With this in mind, Dr Stefánsson and co-workers have developed a risk prediction algorithm for sight-threatening diabetic retinopathy that has already proven effective in validation trials in Denmark, the Netherlands and the UK.

“We currently screen high- and low-risk patients as if they were identical, which is clearly not the case. So we decided to introduce more risk factors in the algorithm to allow for individualised risk assessment and move away from one-size-fits-all screening towards a more personalised approach to medicine. The multifactorial risk assessment that we have developed takes into account six risk factors: duration of diabetes, state of retinopathy, blood glucose levels (HbA1c), blood pressure, type of diabetes and the gender of the patient,” he said. The program is available on www.retinarisk.com.

The introduction of national diabetic retinopathy screening programmes from the 1970s onwards has dramatically reduced the risk of blindness stemming from macular oedema and/or proliferative diabetic retinopathy, said Dr Stefánsson.

“Combining laser photocoagulation and diabetic eye screening turned out to be a marriage made in heaven because the screening would catch the diabetic patients at a time where the laser treatment was optimal at the very beginning of sight-threatening characteristics, be they proliferative or oedematous,” he said. This still holds true for newer treatments in use today such as intravitreal drugs and vitreous surgery.

 

Timing of treatment

While screening optimises the timing of treatment and has been enormously beneficial, it is only a very small percentage of patients who actually need treatment for sight-threatening retinopathy, said Dr Stefánsson.

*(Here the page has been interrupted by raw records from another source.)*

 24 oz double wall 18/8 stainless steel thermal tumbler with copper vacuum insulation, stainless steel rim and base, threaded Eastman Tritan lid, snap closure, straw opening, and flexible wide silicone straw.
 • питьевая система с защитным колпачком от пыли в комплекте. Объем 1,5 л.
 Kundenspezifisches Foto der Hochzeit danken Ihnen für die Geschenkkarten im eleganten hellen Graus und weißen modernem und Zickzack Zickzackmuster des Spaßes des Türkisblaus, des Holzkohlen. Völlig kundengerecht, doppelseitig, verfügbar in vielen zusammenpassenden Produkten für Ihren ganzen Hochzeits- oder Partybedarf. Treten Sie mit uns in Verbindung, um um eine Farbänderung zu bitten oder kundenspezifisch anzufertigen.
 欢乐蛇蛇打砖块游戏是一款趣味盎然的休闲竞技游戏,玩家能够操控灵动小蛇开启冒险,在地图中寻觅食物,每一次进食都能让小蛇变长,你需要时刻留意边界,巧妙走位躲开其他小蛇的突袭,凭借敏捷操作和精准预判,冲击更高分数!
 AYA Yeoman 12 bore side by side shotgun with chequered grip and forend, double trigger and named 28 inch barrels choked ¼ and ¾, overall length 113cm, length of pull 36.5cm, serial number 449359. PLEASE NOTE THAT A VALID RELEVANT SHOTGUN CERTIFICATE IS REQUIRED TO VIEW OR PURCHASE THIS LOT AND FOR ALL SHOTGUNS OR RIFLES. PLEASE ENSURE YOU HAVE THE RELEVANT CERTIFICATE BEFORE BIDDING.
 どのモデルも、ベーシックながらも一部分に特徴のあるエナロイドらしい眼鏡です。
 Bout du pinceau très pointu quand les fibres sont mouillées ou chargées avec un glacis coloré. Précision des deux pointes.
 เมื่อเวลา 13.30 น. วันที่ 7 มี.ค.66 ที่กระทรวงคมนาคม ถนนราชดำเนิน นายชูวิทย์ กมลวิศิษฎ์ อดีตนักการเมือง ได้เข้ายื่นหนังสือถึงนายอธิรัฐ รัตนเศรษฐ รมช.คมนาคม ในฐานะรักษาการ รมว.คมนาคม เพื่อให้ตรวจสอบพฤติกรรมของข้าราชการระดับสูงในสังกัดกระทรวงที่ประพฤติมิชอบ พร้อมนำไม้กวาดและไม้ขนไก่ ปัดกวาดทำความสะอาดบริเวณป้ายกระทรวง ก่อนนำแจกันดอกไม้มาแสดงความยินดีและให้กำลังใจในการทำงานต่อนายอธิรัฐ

“If you screen all diabetic patients once a year, only three out of 100 will actually need treatment for sight-threatening retinopathy. So the other 97 that come in for annual screening are simply told to come back again the following year. Screening is enormously useful and is a great public health tool but it could also be made much more cost-effective,” he said.

More discriminating screening methods have already been shown to be safe and effective, said Dr Stefánsson, citing a study by his group published in 2007 which showed that every-other year screening for diabetics without retinopathy reduced the number of screening visits by more than 25 per cent without any loss in safety.

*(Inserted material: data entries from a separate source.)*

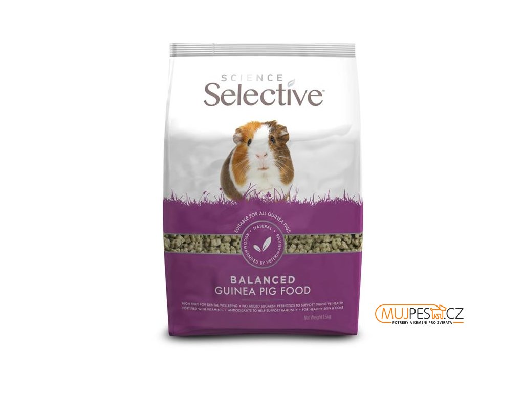 Supreme Science Selective Guinea Pig – morče je velice chutné, nutričně kompletní a vyvážené krmivo pro morčata v každém věku. Toto monokomponentní extrudované krmivo s identickými kousky ve tvaru kytiček zajišťuje, že si vaše morče nebude vybírat z krmiva své oblíbené kousky tak, jako to může dělat u nehomogenních krmných směsí. Zde máte jistotu, že morče z krmiva získá všechno, co může krmivo poskytnout pro její zdraví a pohodu.
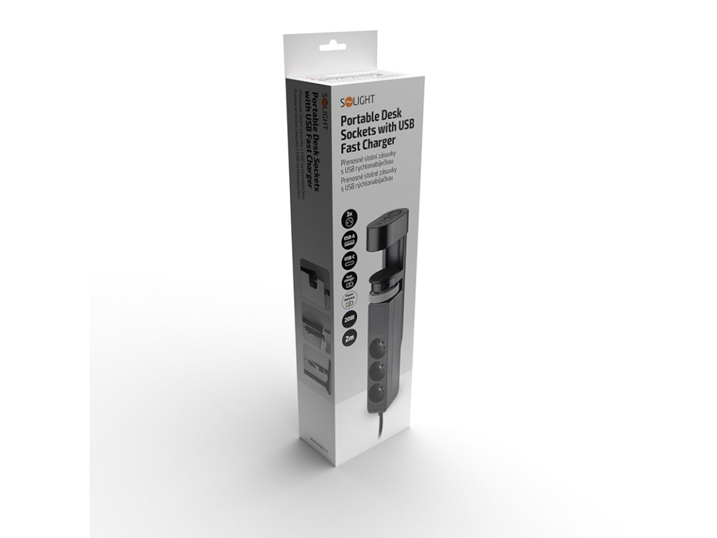 Tato přenosná stolní zásuvka Solight je ideálním řešením pro situace, kdy nechcete nebo nemůžete zasahovat do desky stolu. Blok se rychle a jednoduše připevní z boku pomocí otočného mechanismu, bez nutnosti vrtání. Vhodné nejen pro domácnosti, ale také do firemních prostor, showroomů nebo konferenčních místností, kde je důležitý čistý a reprezentativní vzhled nábytku.
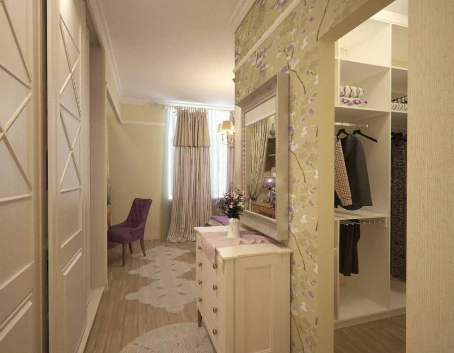 Никаких обоев с узорами и рисунками, никаких пано из плитки, ярких цветов и сочетаний кучи отделочных материалов. У вас всегда будет ещё одежда, обувь и другие предметы, плюс зеркала, которые умножат всё это на 2.
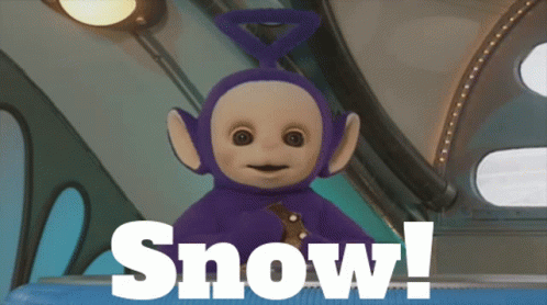 Tinky Winky from Teletubbies, the purple character, smiles and excitedly exclaims 'Snow!'.

The new algorithm, which draws on data from several landmark epidemiological studies in diabetes, will lead to further improvements, said Dr Stefánsson.

“Using these risk factors in an algorithm we can predict 80 per cent of the risk of developing sight-threatening retinopathy. We can use the individual risk measurement to control screening intervals and frequency, with more screening in high-risk patients and less frequent screening in low-risk patients,” he said.

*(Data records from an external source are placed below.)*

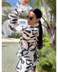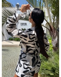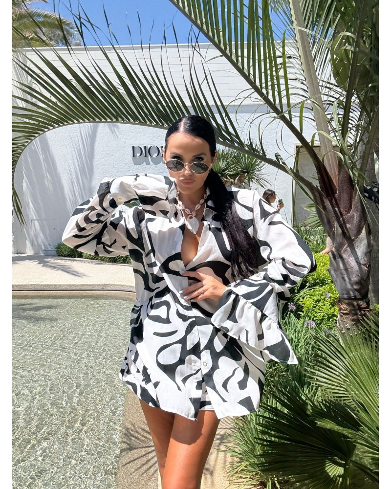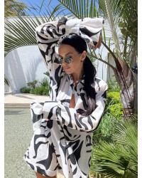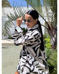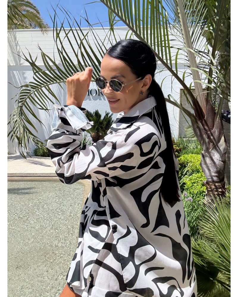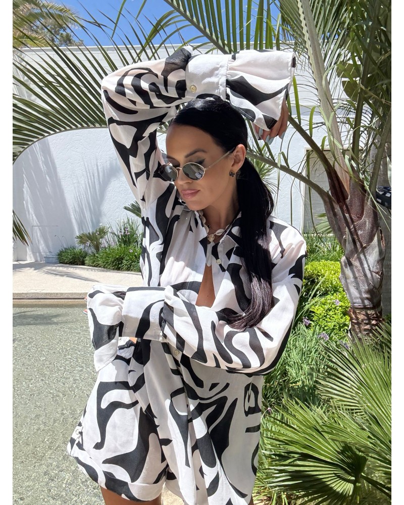 Ten zestaw to totalny hit letnich stylizacji! Koszula z kołnierzykiem i długim rękawem świetnie łączy się z krótkimi szortami, tworząc harmonijną i stylową całość. Print przyciąga spojrzenia i dodaje charakteru każdemu lookowi
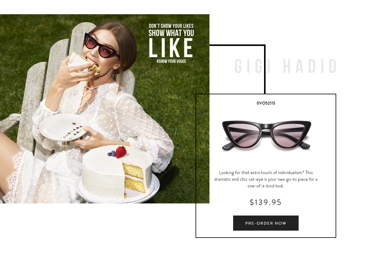 Hầu hết thiết kế của Gigi Hadid đều giản đơn hết mức, nhưng với cái nhìn dành cho người đẹp trong khuôn kính mắt mèo, đó là sự đánh bóng bản thân vô cùng tinh tế.
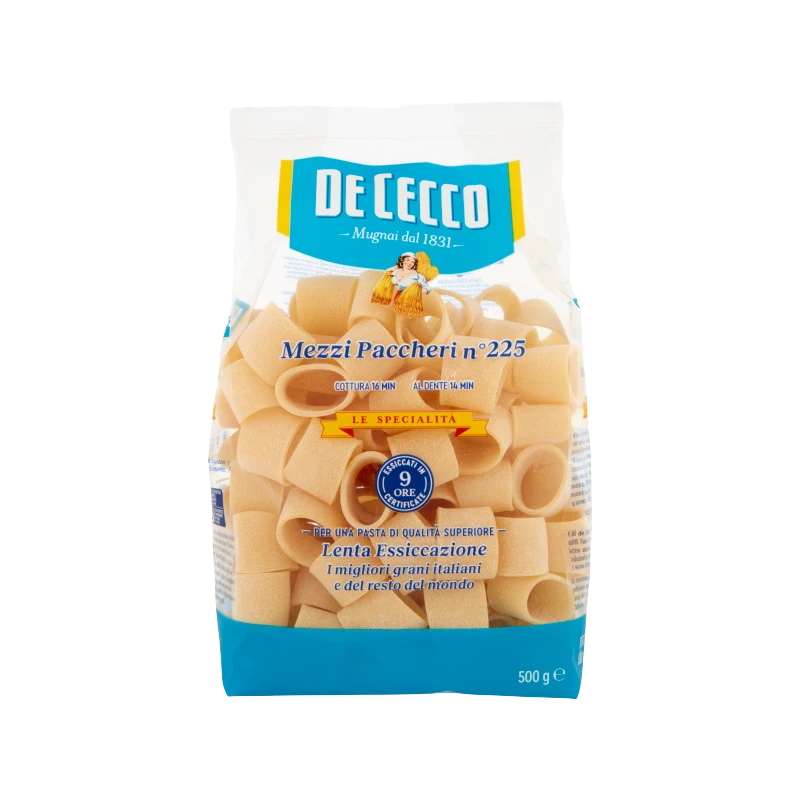 A De Cecco Mezzi Paccheri Durumbúza Tészta egy kiváló minőségű olasz tészta, melyet a hagyományos receptek alapján készítenek.

The algorithm has already been validated and tested in diabetic cohorts in Denmark, Netherlands and the UK, predicting 76 per cent to 80 per cent of the risk of developing sight-threatening diabetic retinopathy.

“Using this algorithm means about 60 per cent reduced screening frequency than using an annual screening programme. This cuts the costs by more than half but without compromising safety,” he said.

Dr Stefánsson said that promoting diabetic eye screening has received the official backing of EURETINA.

“While the details are still being worked out, I think the initiative should include pan-European advocacy to use EURETINA’s influence to spread the word and induce ophthalmologists to get involved in introducing this screening method in their respective countries. The organisation is also interested in supporting model systems for screening in eastern Europe, with the first one scheduled in Szeged, Hungary,” he said.